Data Science Basics for Scientists in Parks

Overview

This workshop is built from the Carpentries lessons and designed for the Scientists in Parks program. The Carpentries' aim is to teach researchers basic concepts, skills, and tools for working with data so that they can get more done in less time, and with less pain. This workshop uses a tabular ecology dataset and teaches data cleaning, management, analysis, and visualization. There are no pre-requisites, and the materials assume no prior knowledge about the tools.

The workshop uses a single tabular data set that contains observations about adorable small mammals over a long period of time in Arizona.

Setup and installation

Overview of the lessons:

  • Data organization in spreadsheets and data cleaning with OpenRefine
  • Introduction to R
  • Data analysis and visualization in R

Detailed structure

Day 1: Data organization & cleaning

There are two lessons in this section.
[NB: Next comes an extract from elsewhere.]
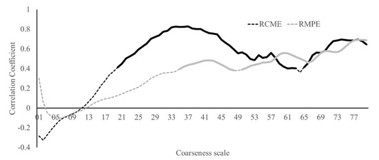 Correlation analyses between the waist-worn IMU multiscale entropy analyses and force plate-based stride duration variability indicated a significant positive association between the two for RCME from scale 20 upwards (except scale 64) (r = 0.40–0.83; p < 0.05) and for RMPE from scale 35 upwards (except scale 49) (r = 0.38 to 0.69; p < 0.05) (Figure 3).

The first is a spreadsheet lesson that teaches good data organization, and some data cleaning and quality control checking in a spreadsheet program.

The second lesson uses a spreadsheet-like program called OpenRefine to teach data cleaning and filtering

Day 2: Data analysis & visualization

These lessons include a basic introduction to R syntax, importing CSV data, and subsetting and merging data. It finishes with calculating summary statistics and creating simple plots.